***** Given entries

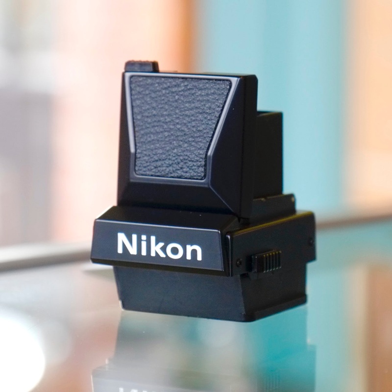 The Nikon DW-3 is a waist-level viewfinder for the Nikon F3. Finally, you can take a picture without having to bring your F3 up to eye level! The future is now. This DW-3 is in excellent condition, with only minor cosmetic wear.
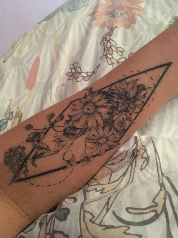 女生手臂上黑色线条几何元素唯美花朵纹身图片
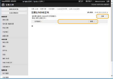 单击[浏览...],指定要注册的文件(S/MIME证书),然后单击[注册]。
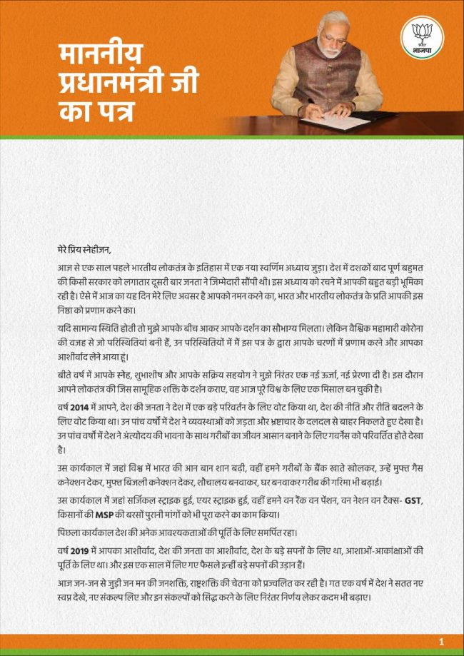 पीएम मोदी ने लिखा जनता को खुला पत्र, आप भी पढ़ें; कहा- भारत में दुनिया को चकित करने का सामर्थ्य
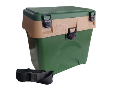 На внешней стороне ящика A-elita A-Box закреплен широкий ремень переменной длины и плечевым амортизатором с противоскользящими свойствами. Материалом для его изготовления служит прочная строповая ткань. Вместе с надежным креплением обеспечит уверенное и комфортное подвешивание полностью загруженного кейса на плече. По бокам монтируются подвесной карман большого объема и откидной столик с ограждением. Дополнительные опции обеспечат доступность необходимых предметов в режиме "под рукой", и комфортную работу со снастью. На лицевой стороне крышки размещен круглый термометр для контроля наружной температуры.
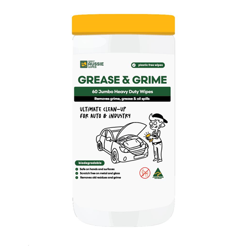 Great Aussie GREASE & GRIME wipes are jumbo sized heavy duty textured wipes designed to clean up hands, tools and surface in a range of industrial and automotive applications. Removes grease, oil, lubricants, grime, dirt, carbon black, paint, sealants and general automotive/industrial workshop residue. Wipe Size 300mm x 200mm Made from super tough plant-based fibres, these biodegradable wipes can be placed in green bins (without solid residue) or general waste. Will not scratch surfaces such as glass and metal during clean-up process. Key Features Scratch free on metal and glassRemoves old residues and grimeSafe on hands and surfaces Australian Made and Manufactured Plastic Free & Biodegradable
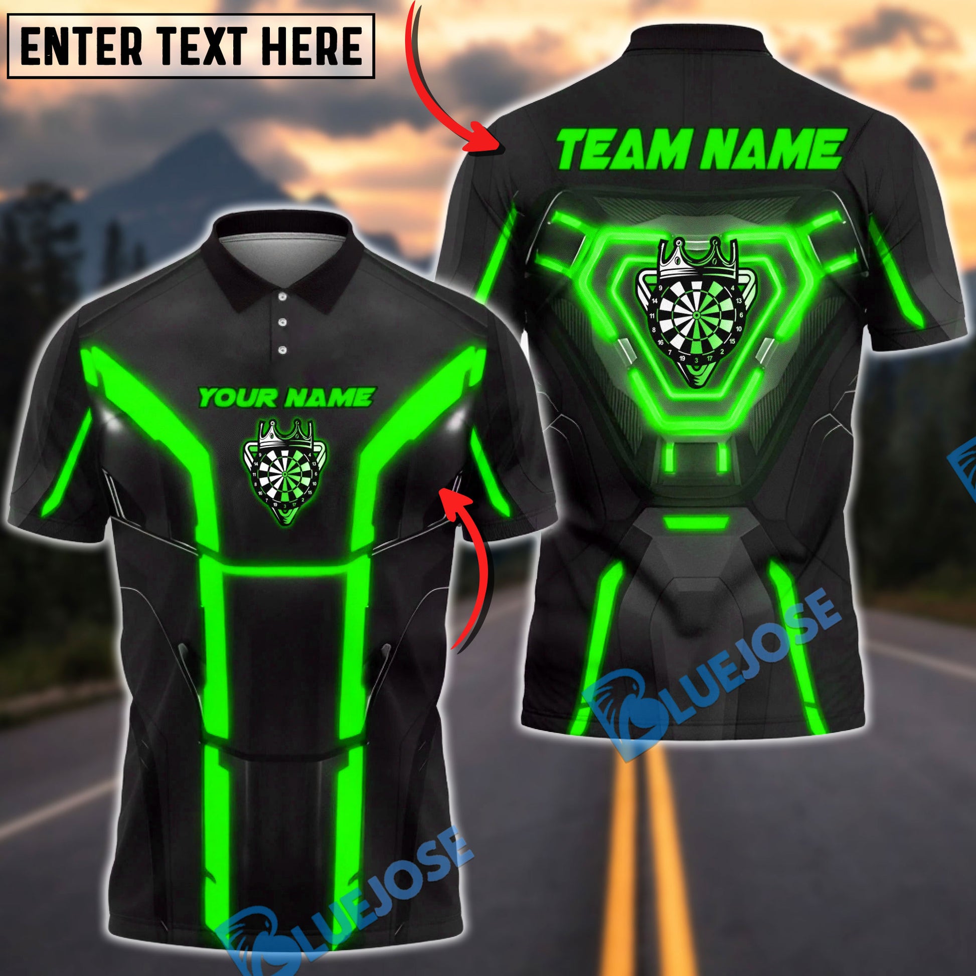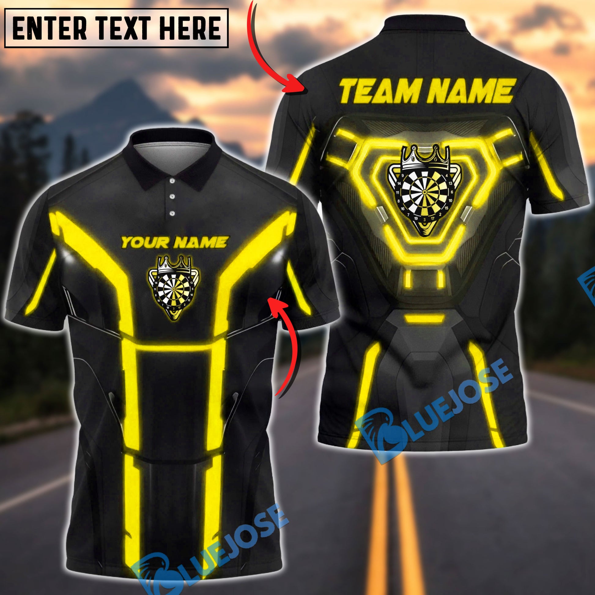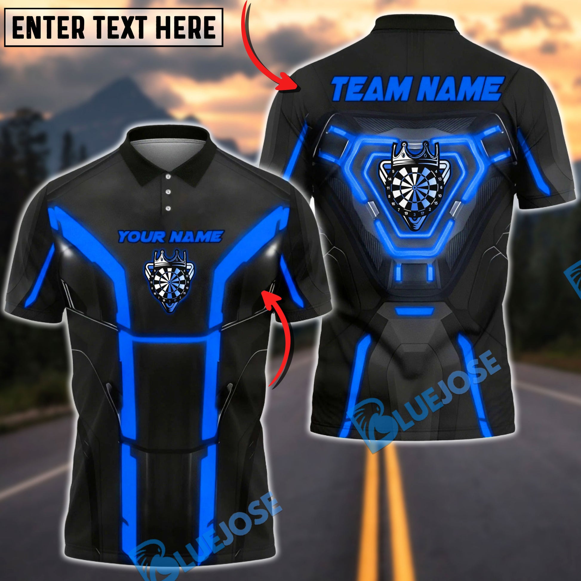 BlueJose Darts Cyber Dartboard Armor Neon Panels Personalized Name, Team Name Unisex Shirt (6 Colors)
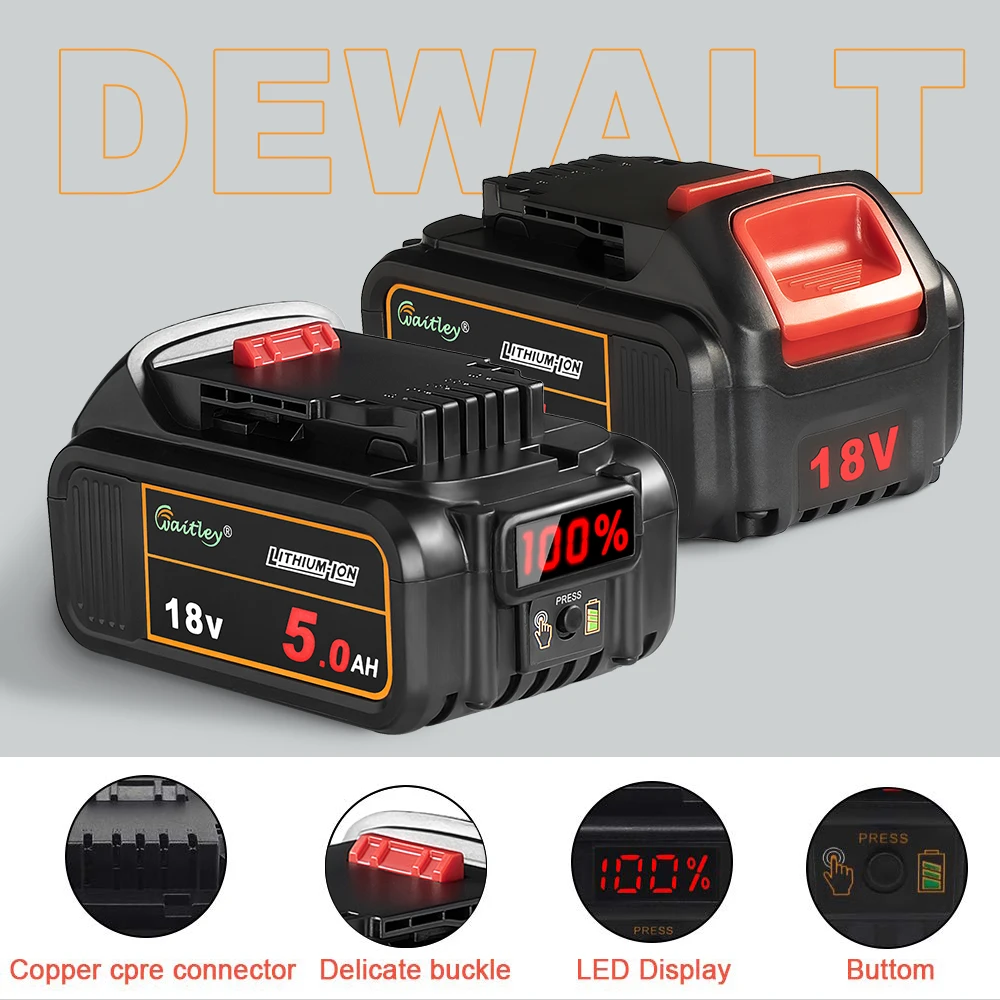 Во время зарядки отображение 100% означает, что аккумулятор полностью заряжен. Если вы хотите узнать оставшуюся мощность, нажмите кнопку под светодиодным индикатором процента. совместим с Dewalt DCS355N-XJ, DCS551N, DCS551NT, DCM563PB-XJ DCG405N, DCD796N и т. д., циркулярной пилой, лобзиком.

**********

(Exercise requirements)
Repeat each entry exactly. Pictures do not belong in the copy.

(Your response)
 The Nikon DW-3 is a waist-level viewfinder for the Nikon F3. Finally, you can take a picture without having to bring your F3 up to eye level! The future is now. This DW-3 is in excellent condition, with only minor cosmetic wear.
 女生手臂上黑色线条几何元素唯美花朵纹身图片
 单击[浏览...],指定要注册的文件(S/MIME证书),然后单击[注册]。
 पीएम मोदी ने लिखा जनता को खुला पत्र, आप भी पढ़ें; कहा- भारत में दुनिया को चकित करने का सामर्थ्य
 На внешней стороне ящика A-elita A-Box закреплен широкий ремень переменной длины и плечевым амортизатором с противоскользящими свойствами. Материалом для его изготовления служит прочная строповая ткань. Вместе с надежным креплением обеспечит уверенное и комфортное подвешивание полностью загруженного кейса на плече. По бокам монтируются подвесной карман большого объема и откидной столик с ограждением. Дополнительные опции обеспечат доступность необходимых предметов в режиме "под рукой", и комфортную работу со снастью. На лицевой стороне крышки размещен круглый термометр для контроля наружной температуры.
 Great Aussie GREASE & GRIME wipes are jumbo sized heavy duty textured wipes designed to clean up hands, tools and surface in a range of industrial and automotive applications. Removes grease, oil, lubricants, grime, dirt, carbon black, paint, sealants and general automotive/industrial workshop residue. Wipe Size 300mm x 200mm Made from super tough plant-based fibres, these biodegradable wipes can be placed in green bins (without solid residue) or general waste. Will not scratch surfaces such as glass and metal during clean-up process. Key Features Scratch free on metal and glassRemoves old residues and grimeSafe on hands and surfaces Australian Made and Manufactured Plastic Free & Biodegradable
 BlueJose Darts Cyber Dartboard Armor Neon Panels Personalized Name, Team Name Unisex Shirt (6 Colors)
 Во время зарядки отображение 100% означает, что аккумулятор полностью заряжен. Если вы хотите узнать оставшуюся мощность, нажмите кнопку под светодиодным индикатором процента. совместим с Dewalt DCS355N-XJ, DCS551N, DCS551NT, DCM563PB-XJ DCG405N, DCD796N и т. д., циркулярной пилой, лобзиком.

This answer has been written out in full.